The chief economist of Citigroup, Willem Buiter, recently commented on how the Federal Reserve is likely to respond in the case of either a Trump presidency or a Clinton presidency, and what that could mean for the markets. The Fed’s approach to interest rates could vary greatly depending on which candidate clinches the White House, and Buiter says it’s imperative that Americans understand how this power shift could impact the economy.

Why Americans Should Be Watching Interest Rates Closely

Interest rates have stayed at historic lows since the major crash of 2008-2009 that left the economy in a desolate recession. In fact, the Fed has only raised interest rates once since that historic downturn, and that was just a modest rate hike in late 2015.

Right now, the outlook for near-term Fed rate strategy indicates the remote possibility of a miniscule rate hike before the end of the year, most likely in September before the presidential election.

But what the Fed decides to do with interest rates after the election is a toss-up.
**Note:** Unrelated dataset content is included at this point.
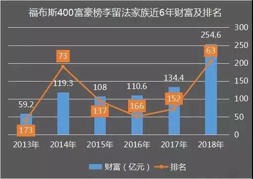 李留法家族自2013年入圍福布斯年度400富豪榜以來,每年都榜上有名,家族財(cái)富已經(jīng)從2013年首次上榜時(shí)的59.2億元增長了近200億元。

Depending on who takes office, it could opt to continue raising rates slowly and gradually, or it could pull back and start slashing them again. Both scenarios could have serious impact on your retirement.

Everything depends on who takes office in November. Unfortunately, there’s a downside for Americans’ savings accounts no matter what the Fed decides to do. However, knowing how the Fed is likely to react to each candidate could give you invaluable insight to protect your wealth.

No News Is Good News…

Although the Fed is supposed to be an apolitical entity, Buiter points out that the central bank is reading into the implications of both Clinton and Trump’s policies, and is likely formulating a general plan of reaction for either candidate’s entrance to the White House.

Buiter’s assertion is that a Clinton presidency would influence a continuation of the Fed’s current plan to raise rates, and a Trump presidency would flip the script and make the Fed more likely to start slashing rates.

On one hand, raising rates means Americans can worry a little less about inflation cutting into their retirement, but only if that increase in rates doesn’t warrant a negative reaction from the stock market. Nobody knows for sure how a rate hike will be received by the market, and it could trigger a temporary drop that would hit retirement accounts especially hard.

Rate cuts present a similar conundrum. There’s benefit in the fact that lower rates typically stimulate economic growth and strengthen the market. But with creeping inflation and rates already sitting below 1%, further cuts could cripple returns on retirement accounts and eat away at the wealth of Americans.

In the final analysis, the Fed is facing a Catch-22.

The 1 Solution to a Lose-Lose Scenario

Although there’s no way to escape the impact of higher rates under a Clinton presidency or lower rates under a Trump presidency – short of leaving the country altogether – the understanding of how Federal Reserve policy is set to shift gives you the priceless knowledge to create your own defense strategy after the November election. And of course, precious metals like gold can play a crucial role in such a defense.

And, more timely than ever, gold has experienced yet another spike in prices just this week as the Fed continues to falter on rate policy, proving Americans are relying upon precious metals more than ever for security in uncertain times.

Regardless of political and economic turmoil over the past several years, gold has continued to deliver both safety and respectable returns to those who have chosen to protect their savings with it. And, if a solid track record going back thousands of years can act as any indication, there’s little doubt it will continue to do so in the wake of whatever policy changes transpire after the election.